Evaluating a Hypothesis in Neural Networks

Learn how neural networks evaluate a hypothesis using forward propagation. Understand how inputs pass through layers, weights, and activation functions to produce predictions in machine learning models.

Written by Hitesh Sahu, a passionate developer and blogger.

Fri Feb 27 2026

Share This on

← Previous

MapReduce for Large-Scale Machine Learning: Distributed Training at Scale

Normal Equation in Linear Regression: Formula, Intuition, and Comparison with Gradient Descent

📋 Evaluating a Hypothesis

A model that fits the training data very well is not necessarily a good hypothesis.

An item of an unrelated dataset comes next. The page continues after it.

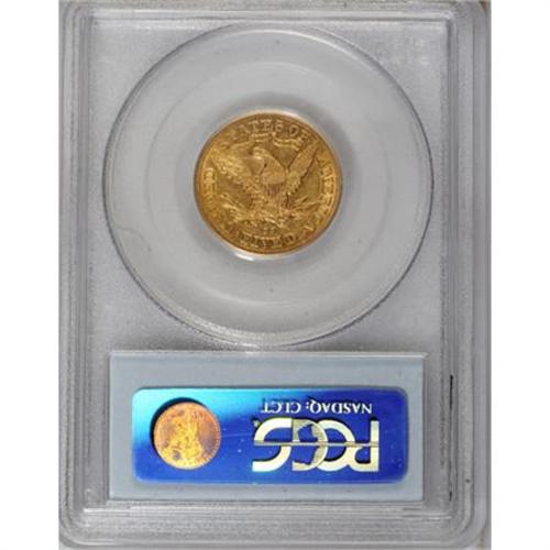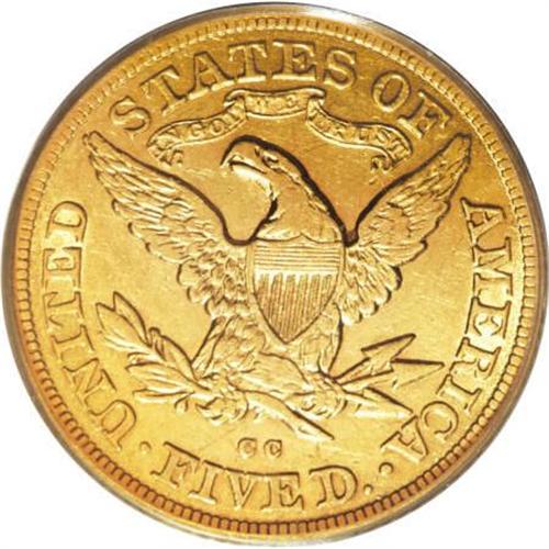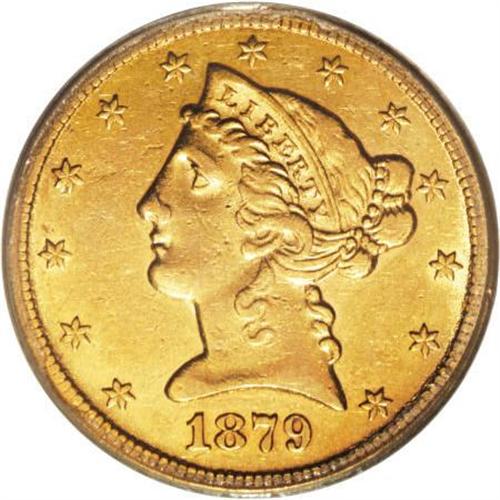 <B>1879-CC $5 AU50 PCGS.</B></I> Although half eagles were the "little sisters" of gold coinage throughout much of U.S. numismatic history, generally produced in much smaller quantities than their larger siblings, in 1879 Carson City managed to manufacture a respectable amount of five dollar pieces, 17,281, making it the third-largest mintage of the 1870s and a larger emission than the eagles and double eagles combined. This example offers only a passable strike, but there are no singular abrasions and the surfaces, with mellow orange-gold coloration, show considerable luster remaining and lots of eye appeal. A couple of tiny, undistracting planchet laminations near star 13. Population: 11 in 50, 33 finer (8/07).<BR><BR><B>Coin Engraver:</B> Christian Gobrecht<BR><BR><b>Shipping:</b> Coins & Currency (<a target="_blank" href="http://www.heritageauctions.com/common/shipping.php">view shipping information</a>)

A model can have low training error but still perform poorly on new data due to overfitting:

Low training error
High error on unseen data

Choosing Between Multiple Models

Suppose we are trying polynomial regression with different degrees:

d = 1, 2, 3, \dots

Each degree defines a different hypothesis class.

We need a principled way to choose the best $d$ without biasing our evaluation.

A good model has:

Low training error
Also, Low test error

If training error is low but test error is high, the model is overfitting.

To properly select a model:

Train parameters on the training set
Choose model complexity using the cross-validation set
Report final performance using the test set

Splitting the Dataset

To properly evaluate performance, we split the dataset into:

A common split is:

Training set: 60%
Cross-validation set: 20%
Test set: 20%

1. 📚 Training set $J_{\text{train}}(\Theta)$

Typically, 60-70% of training data

Training error tells us how well the model fits known data.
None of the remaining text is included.